Keywords: GIS, urban management, urban planning, land value, weighted overlay.
1 Introduction
The process of assessing the characteristics of a given piece of land may describe carefully
estimates of the worth landed property based on experience and judgment. It’s known that the
value and potential of propriety are fundamentally determined by location (Ping, 2005). These
emphasize the significance of spatial factors in decision making for urban management of land
valuation and the use of Geographic Information System tools.

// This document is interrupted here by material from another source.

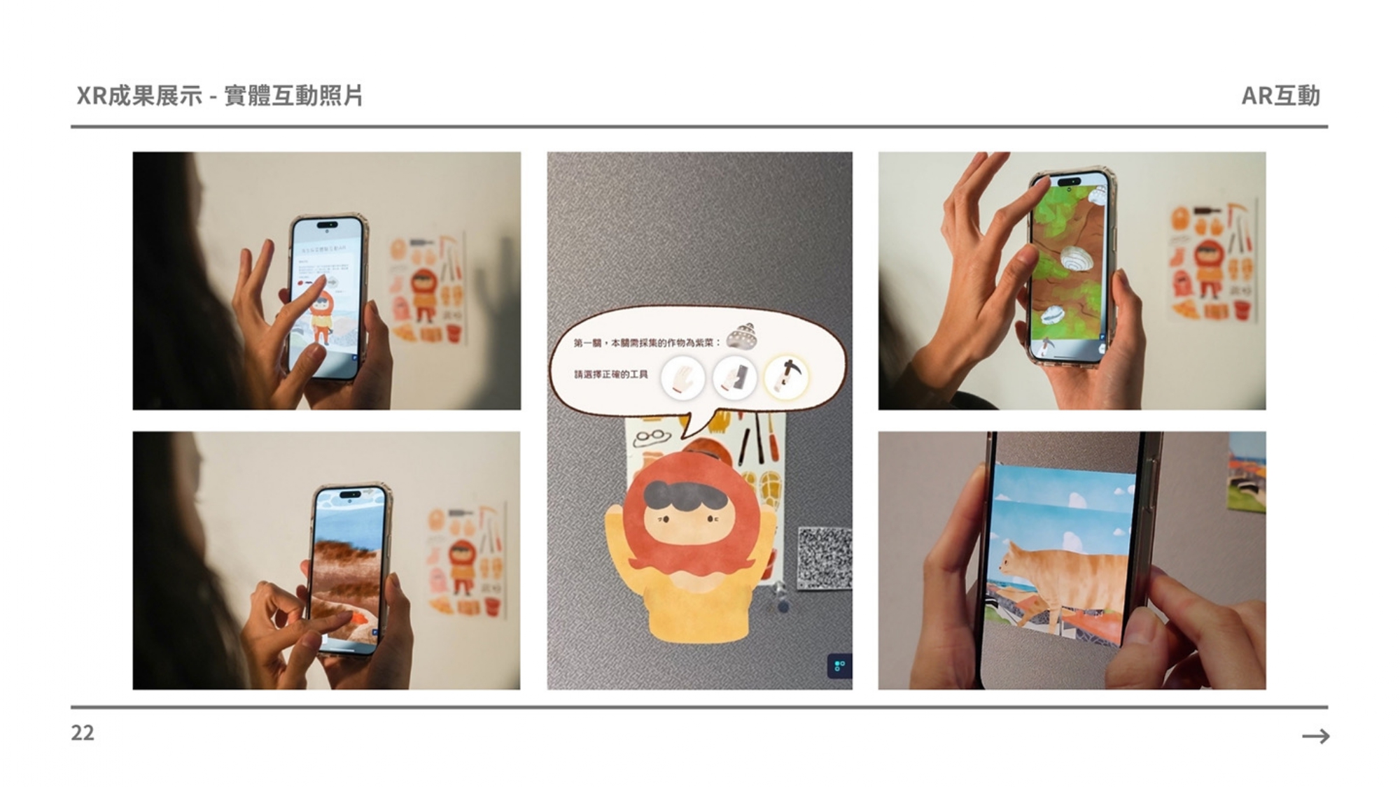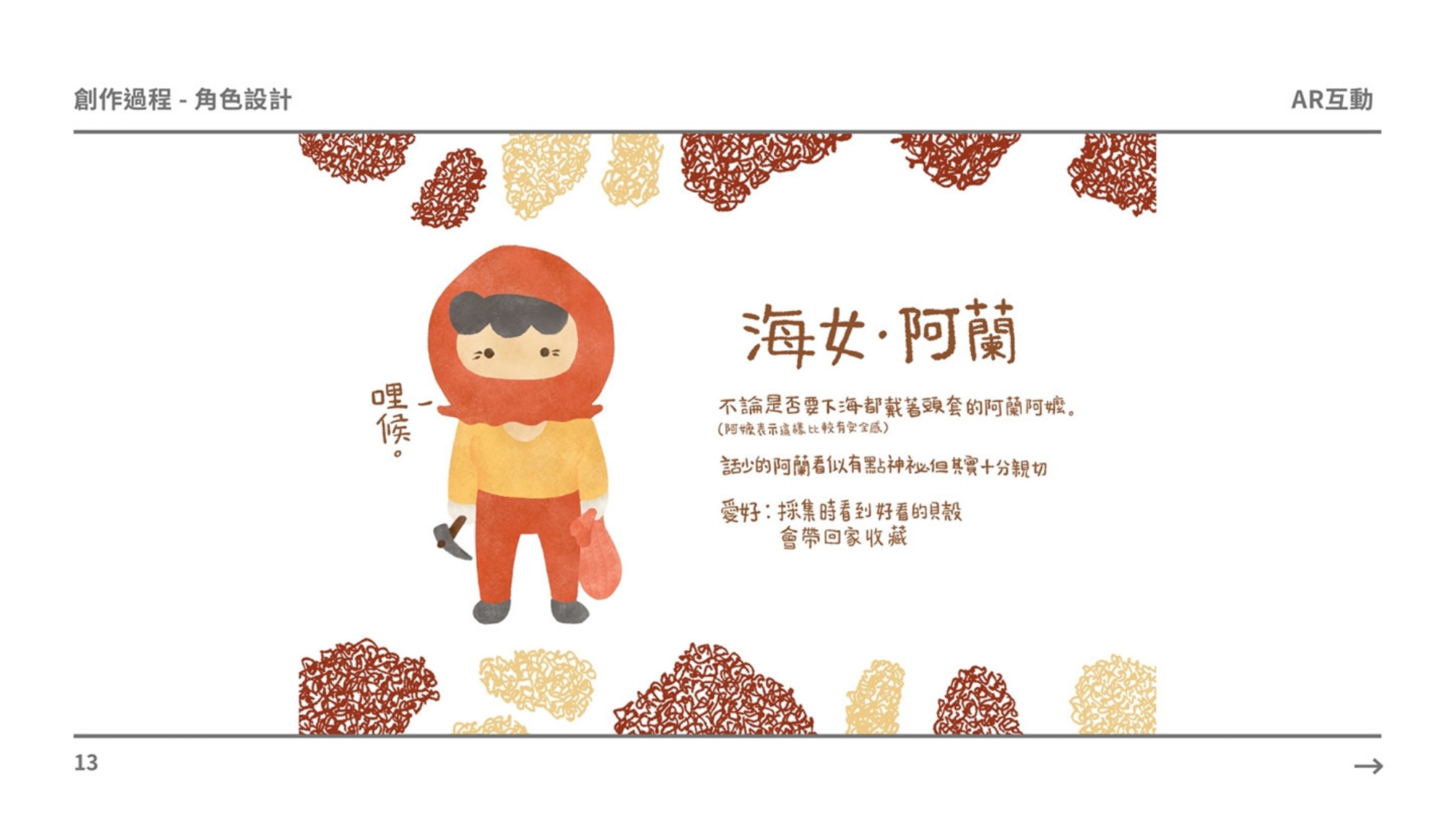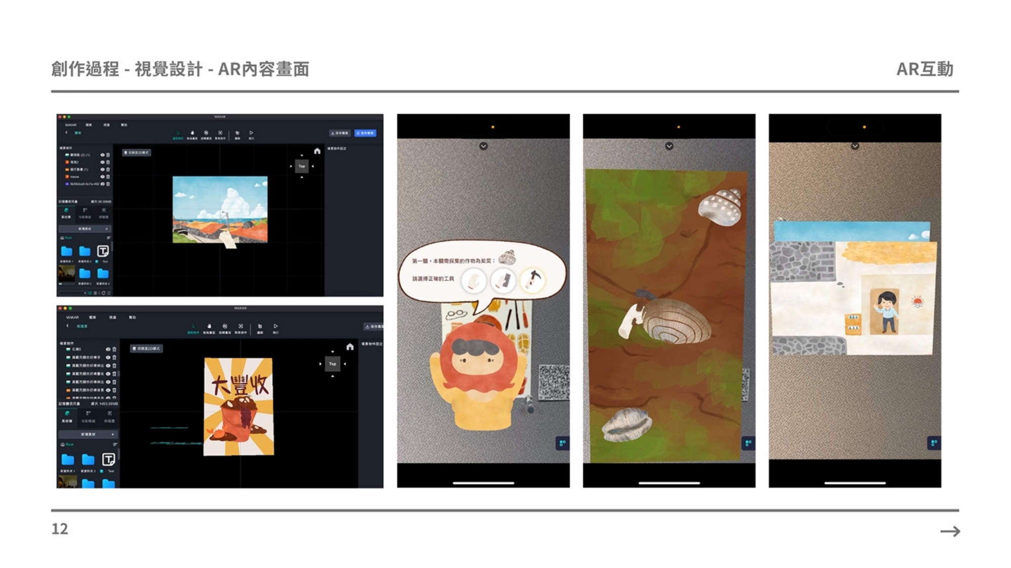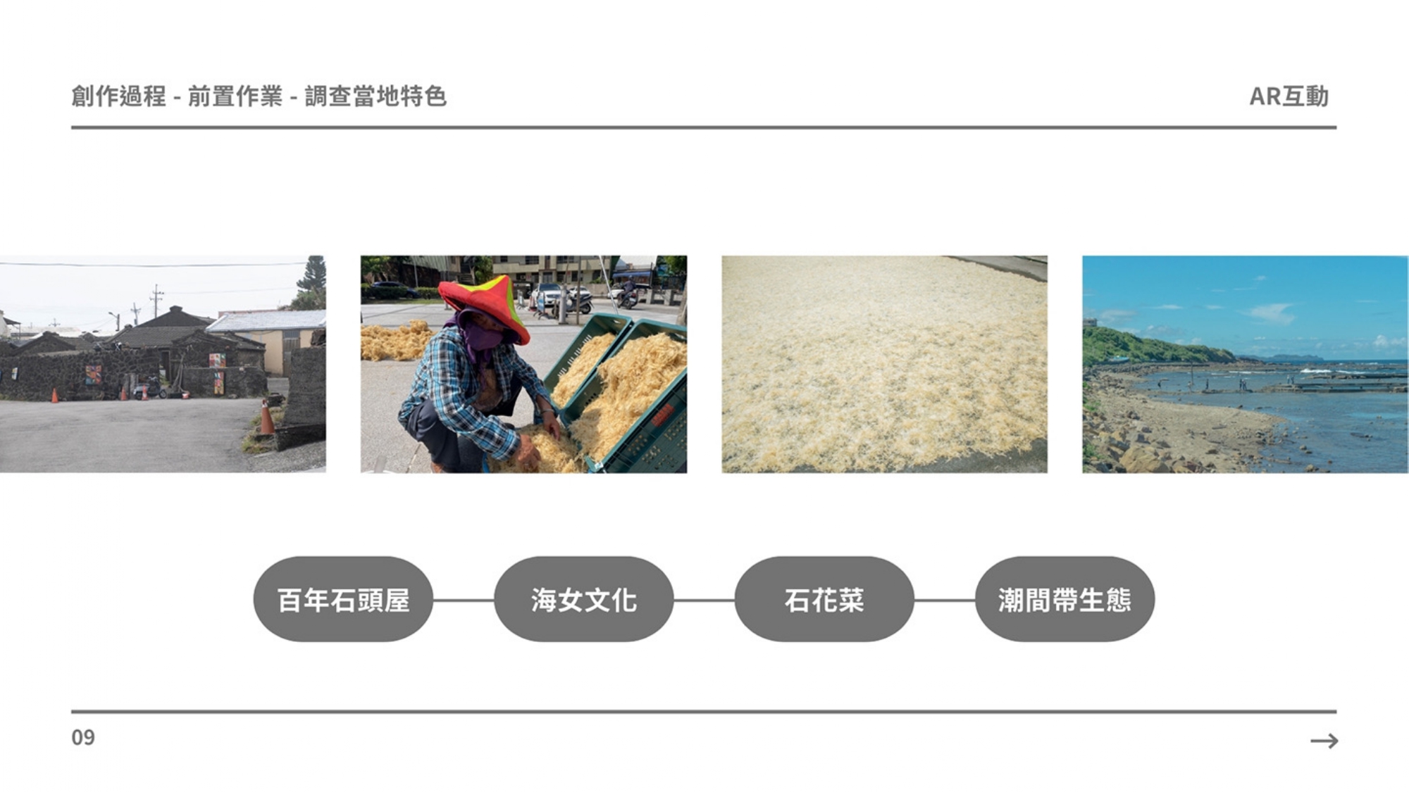 海女小闖關(闖關遊戲):運用海女採收作物(石花菜、紫菜、螺類)的三種場景以及選取對應的三種工具,讓使用者認識海女採集作物的方法。
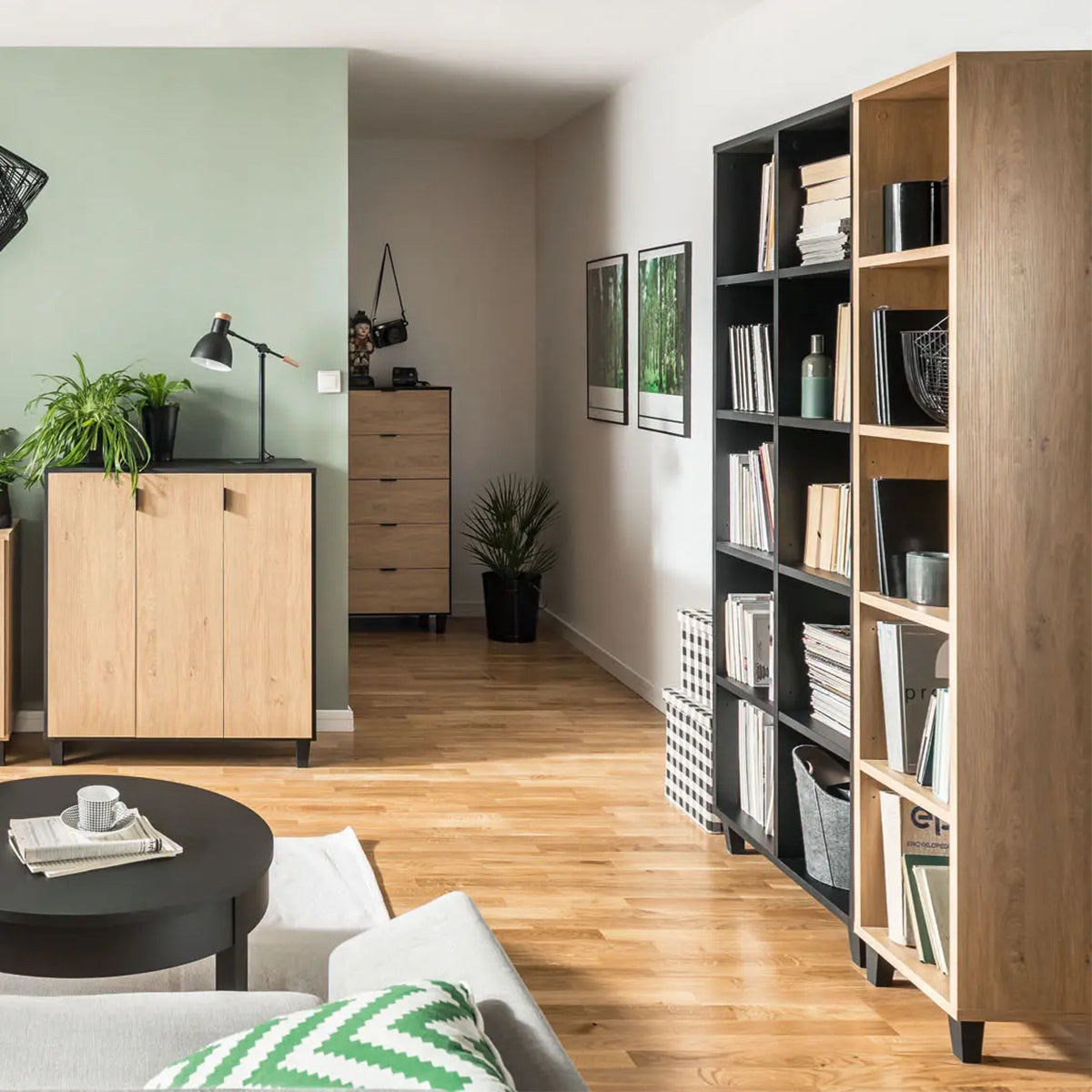 Изберете библиотека от колекция SIMPLE, която съчетава изискан дизайн, здравина и функционалност. Предлага се в четири стилни цвята – дъб, бяло, пясъчно бежово и черно – за да се впише идеално във всяко пространство.

An adjusted estimation can be done by analyzing a certain amount of land characteristics or
factor influencing the value (Ping, 2005). It is important to highlight that the process is really
complex and would be almost impossible to estimate an exact land value. But a sufficient
estimation and useful results can be done with a restricted amount of initial data and few
procedures in an objective way. To archive this goal is significant have a good previous
knowing of the study area, and may be interesting analyze first the attributes behaviour which
could be affecting the land value, in order to select the optimal factors to be considered in the
model and avoid data redundancy.
2. 2 Problem definition and objective
Land value map is used by local governments to collect land taxes, so a properly valuated land
value map may not diverge from the actual market value as well as not distort market
mechanism whereas discourage speculation. The property valorisation is created mainly by
changes that are not the result of the landowner's own effort. According to these arguments,
citizens should not pay an unfairly high or low amount of tax. On the other hand the tax
collection would work as a tool for benefits redistribution mechanism on a city. For these
reasons and many other that do not fit here, a land value map is a critical instrument for urban
management in a city.
GIS plays a critical whole in urban management mainly due to its capability to deal with large
amounts of data and spatial related events. It is clear that most of the urban issues are spatially
dependent, and that urban decisions must take into consideration many factors. The land
valuation issue was choose for be considered a dynamic process dealing with almost all the
factors acting in a city like transportation, environment, location, neighbourhood, building
quality, public equipments and so on. Those are directly consequences of urban planning and
management, whereas the value of a property is largely used in all urban studies for planning.
According to the above mentioned the valuation process is similar to retro alimented system
where a deep understand of the influencing factors and constant monitoring is vital.
Through the exposition of GIS application resources to urban planning and management, the
goal is to understand deeply the phenomenon of valorisation of urban land. Furthermore,
evaluate which spatial factors influence the land value in a town by comparing with the sales
price on the free market.
3 Project framework
The steps followed in this project are summarized in the figure below and each one is
described in the sequence.
Study area definition Literature review
Data collection Model attributes definition
Data pre processing Market value analysis
Analysis
phase Input influence factors
Thematic maps
Weighted overlay
Figure 1: project framework.
3. 3.1 Study area
The case study proposed has as spatial base limit the urban nucleus called "Sede" in Eldorado
do Sul/Brazil. Eldorado do Sul is located in the Metropolitan Region of Porto Alegre in the
southern more state of Brazil called Rio Grande do Sul. With only 18 years, it posses already
approximately 35.000 inhabitants, and presents a dizzy demographic growth of 5% per year.
The accelerated growth configured a perturbed urban structure. The territory occupation is
scarce and disconnected. The urban fabric, consequence of the ‘sewing’ of successive
occupations, reflects the problem of irregularity, with big empty urban areas and road
discontinuity in some points. The city was born as powerful and consolidated industrial
placement, located at the margins of a main road. But in general, the residential use prevails
considerably.
The city has five spread urban areas along its territory. The Sede urban nucleus was choose
because usually local people prefer to live in this area, it is the origin of city settlement, the
main services and facilities are located there, in addition to better availability of valuable data.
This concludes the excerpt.